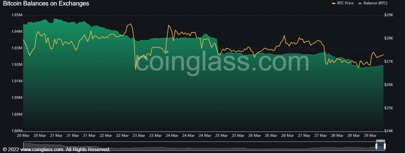 Secara keseluruhan, saldo Bitcoin dalam centralized exchange (CEX) juga terpantau terus berkurang sejak 20 Maret 2023. Sejak saat itu, tercatat 30.000 BTC sudah keluar dari CEX.
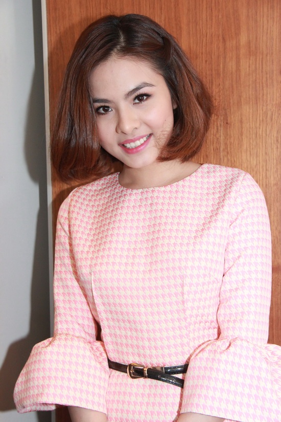 | Người đẹp vẫn hoàn toàn tự tin để những kiểu tóc xoăn hất lệch, lộ khuôn mặt đẹp mặn mà, tươi tắn chứ không hề chọn cách dùng tóc lòa xoà che mặt tròn giống nhiều phái đẹp khác hay dùng. |
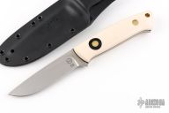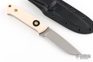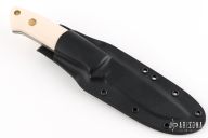 This K-22 Buffalo River Hunter by Dozier Knives features a satin finished blade with .137" blade stock and .907" blade depth, full tang construction. The handle has ivory paper micarta scales with black paper micarta inserts and liners, brass pins and lanyard hole. Comes with kydex sheath with belt loop. New from maker.
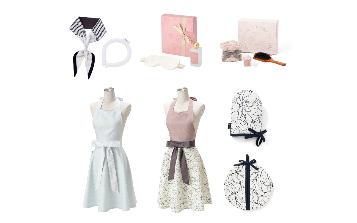 アイスネックループ、スカーフ、スカーフリングの3点セット。ひんやりと心地よいアイスネックループにスカーフを重ね、スカーフリングで簡単に着脱することができます。それぞれ単品で使うこともでき、スカーフは裏側が接触冷感生地なのでそれだけでもひんやり。上品なフラワーデザインのパッケージ入りです。
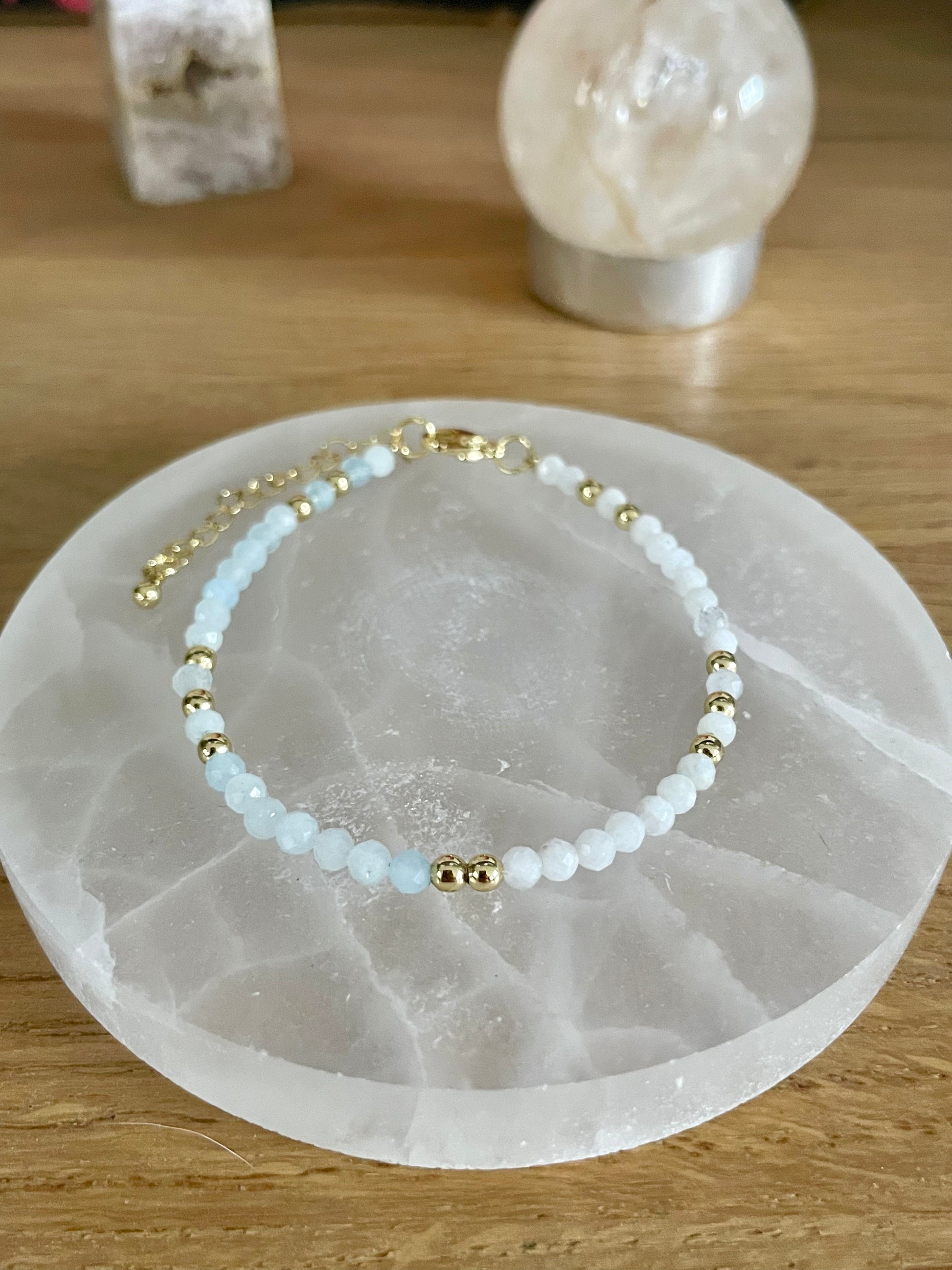 Aquamarine brings in the calming and tranquil energy of the ocean to aid balancing emotions and reveling inner strength while Moonstone brings connection to the empowerment of the divine feminine supporting in new beginnings and inner feminine power.
+ + + +
Exercise requirements ::
Every entry above should be restated word for word, with the images left out.

Solution to this problem ::
 Secara keseluruhan, saldo Bitcoin dalam centralized exchange (CEX) juga terpantau terus berkurang sejak 20 Maret 2023. Sejak saat itu, tercatat 30.000 BTC sudah keluar dari CEX.
 | Người đẹp vẫn hoàn toàn tự tin để những kiểu tóc xoăn hất lệch, lộ khuôn mặt đẹp mặn mà, tươi tắn chứ không hề chọn cách dùng tóc lòa xoà che mặt tròn giống nhiều phái đẹp khác hay dùng. |
 This K-22 Buffalo River Hunter by Dozier Knives features a satin finished blade with .137" blade stock and .907" blade depth, full tang construction. The handle has ivory paper micarta scales with black paper micarta inserts and liners, brass pins and lanyard hole. Comes with kydex sheath with belt loop. New from maker.
 アイスネックループ、スカーフ、スカーフリングの3点セット。ひんやりと心地よいアイスネックループにスカーフを重ね、スカーフリングで簡単に着脱することができます。それぞれ単品で使うこともでき、スカーフは裏側が接触冷感生地なのでそれだけでもひんやり。上品なフラワーデザインのパッケージ入りです。
 Aquamarine brings in the calming and tranquil energy of the ocean to aid balancing emotions and reveling inner strength while Moonstone brings connection to the empowerment of the divine feminine supporting in new beginnings and inner feminine power.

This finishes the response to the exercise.